> **Input data**
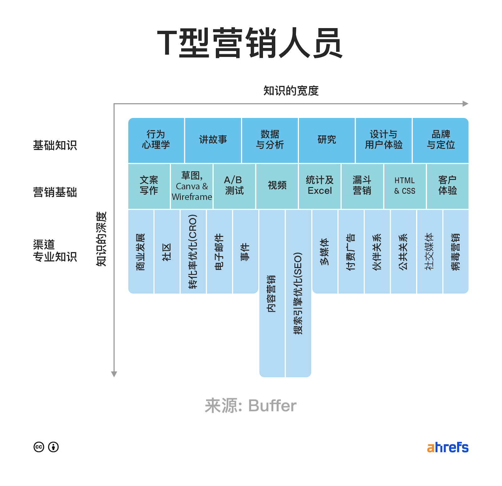关于市场营销技巧的讨论最终碰到了这样一个话题: 你应该是一个专家还是一个通才? 就像关于你应该掌握哪些营销技巧的争论一样,我不相信有一个“正确”的答案。这取决于你想从你的职业生涯中得到什么。 如果你想在金钱上获得成功,那么成为一名专家可能更好。正如凯文•印迪格(Kevin Indig)所言:建立一个能力圈,专注于为这个圈子服务。 如果你想成为一个管理者,你可以考虑成为一个 T‑型营销者。这意味着你拥有广泛的营销技能/知识,但在某一特定领域表现优异。作为一个专家比一个通才更容易提升你的价值。你可以更快更好地与人们联系,因为这个领域更小。在一件事情上,你可以从深入的知识中更快地获得硬技能,而在许多事情上,你只能从浅薄的知识中获得硬技能。软技能对于这两种职能都是必要的,但对于管理者来说更为关键。这些都是成为一名专家的好理由。
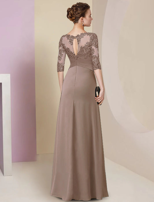 Sheath Column Bride Mother Dress Formal Wedding Guest Party Low Round Neck to Floor Length Chiffon Lace Belt Ribbon Applique
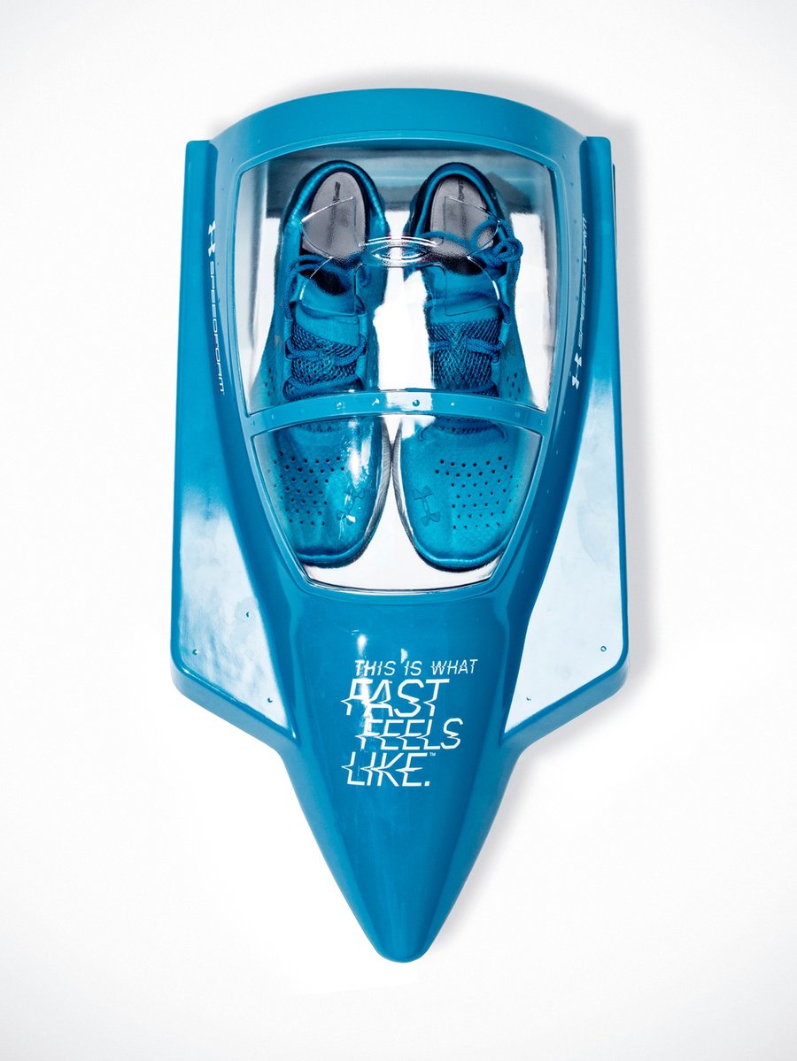 为契合登月主题,特别打造一组飞行器造型包装,不仅在座舱处显现 Speedform Apollo 鞋款本体,U 盘及主题T恤更暗藏其中,以此彰显轻盈、迅敏的鞋身特性,可谓创意十足。
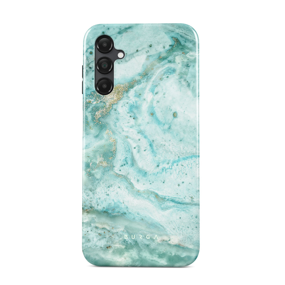 Our Uluwatu Waves Samsung Galaxy A14 5G phone case is an absolute teal dream. This phone cover features timeless and soft blue marble pattern enriched with golden color specks will surely remind you of a tropical beach teal waters while becoming a protective best friend for your cell phone.
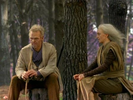 Crichton goes to Aeryn, where the trees they planted are now fully grown. Aeryn tells him to come and sit with her on a tree stump and he tells her he thinks that Ennixx's husband is boring. Aeryn says that she tried to want him to go back. She asks why he hasn't given up his past, but he says he doesn't want to be a gardener and all they do is plant things. Aeryn asks if he regrets spending the last 55 cycles with her. He says that she's the one thing that's kept him alive, but it's hope that keeps him going every day. Aeryn gets a pain in her chest, and as she stands up her locket falls off. She's anxious to get it back and Crichton asks who is in there. She says that he knows, but he doesn't think it's her husband, he thinks it's him. She denies it, and tells him to open it if he doesn't believe her – he'll see his image, the only love of her life. He says no, he doesn't want to see his ugly face.
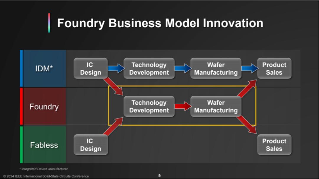 在谈技术前,Kevin Zhang还花费了时间谈到了半导体行业业务的创新——纯代工业务的出现,这项创新从根本上改变了半导体行业的格局。通过从传统的IDM模式中剔除非常复杂、成本高昂的晶圆制造,让无晶圆企业能够专注产品开发和创新。与代工厂的合作,共同极大的加速了行业的创新。
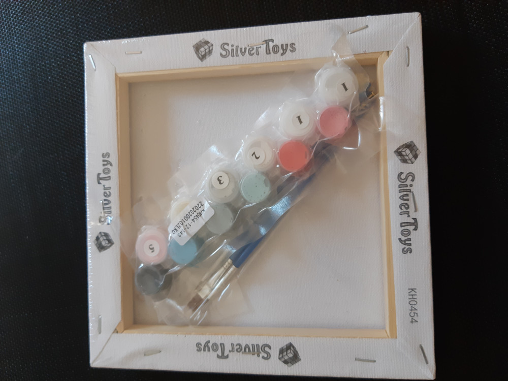 Все есть в комплекте: холст, краски, кисточки
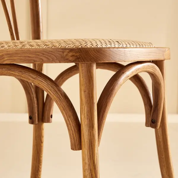 Ligereza, elegancia y un encanto artesanal inconfundible. El pack de 2 sillas “Lyon” destaca por su diseño curvado con respaldo entrelazado y asiento de rejilla trenzada. Su estilo natural aporta frescura y armonía a cualquier comedor o cocina.
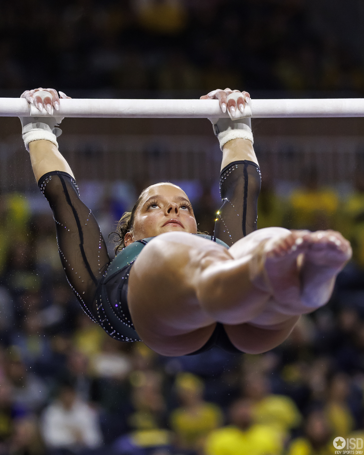 Michigan State continued to match that intensity on vault, posting a 49.425. Sage Kellerman soared to a 9.975, which was the highest vault score of the afternoon. While Olivia Zsarmani added a 9.925. The amplitude and control gave the Spartans the slight edge they would need by day’s end.
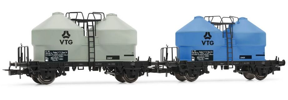 RIVAROSSI HR6592 DR-Miet, 2-unit pack of 2-axle silo wagon Ucs, grey and blue livery VTG, ep.e IV
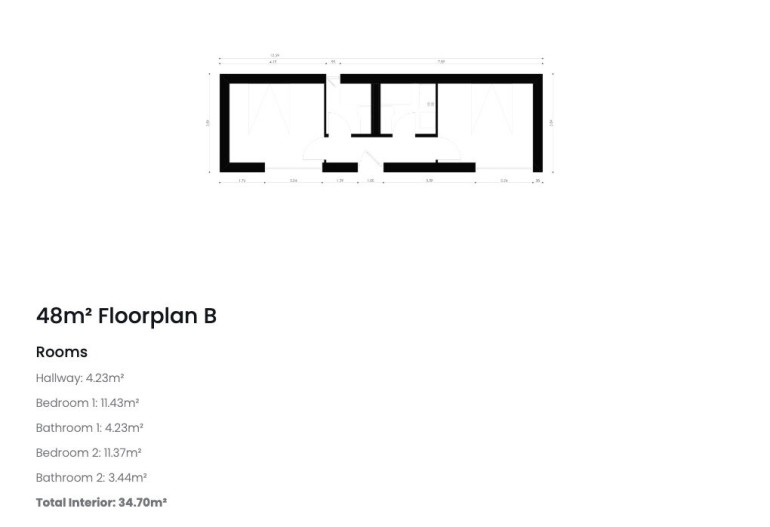 Floorplan B (2 Schlafzimmer): Zwei Schlafbereiche mit jeweils eigenem Bad – maximale Schlafkomfort-Nutzung auf 48 m².
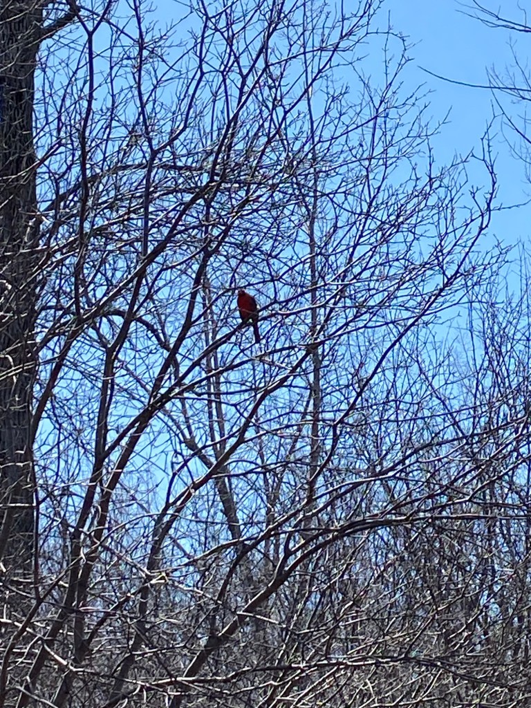 He’s the guy I have to thank I guess for a beautiful opportunity to see spring birds. Not many, mind but the wonderful thing was it was finally…..warm! I brought bird seeds and timid chickadees good their time coming to my hand. The big thrill was this guy though.
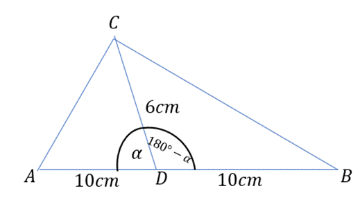 Środkowa CD dzieli bok AB: |AD| = |DC| = 10 cm
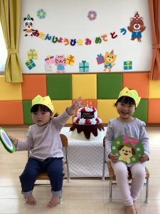 今年度、初めての誕生日会が4月25日にありました。今回は、りんご組のお姉さん2人がお誕生日を迎えましたよ

> **Your instructions**
Copy exactly the lines from the first line of the records above through the line with "为契合登月主题,特别打造一组飞行器造型包装,不仅在座舱处显现 Speedform Apollo", both included, and nothing else. Pictures stay out.

> **Answer to this problem**
关于市场营销技巧的讨论最终碰到了这样一个话题: 你应该是一个专家还是一个通才? 就像关于你应该掌握哪些营销技巧的争论一样,我不相信有一个“正确”的答案。这取决于你想从你的职业生涯中得到什么。 如果你想在金钱上获得成功,那么成为一名专家可能更好。正如凯文•印迪格(Kevin Indig)所言:建立一个能力圈,专注于为这个圈子服务。 如果你想成为一个管理者,你可以考虑成为一个 T‑型营销者。这意味着你拥有广泛的营销技能/知识,但在某一特定领域表现优异。作为一个专家比一个通才更容易提升你的价值。你可以更快更好地与人们联系,因为这个领域更小。在一件事情上,你可以从深入的知识中更快地获得硬技能,而在许多事情上,你只能从浅薄的知识中获得硬技能。软技能对于这两种职能都是必要的,但对于管理者来说更为关键。这些都是成为一名专家的好理由。
 Sheath Column Bride Mother Dress Formal Wedding Guest Party Low Round Neck to Floor Length Chiffon Lace Belt Ribbon Applique
 为契合登月主题,特别打造一组飞行器造型包装,不仅在座舱处显现 Speedform Apollo 鞋款本体,U 盘及主题T恤更暗藏其中,以此彰显轻盈、迅敏的鞋身特性,可谓创意十足。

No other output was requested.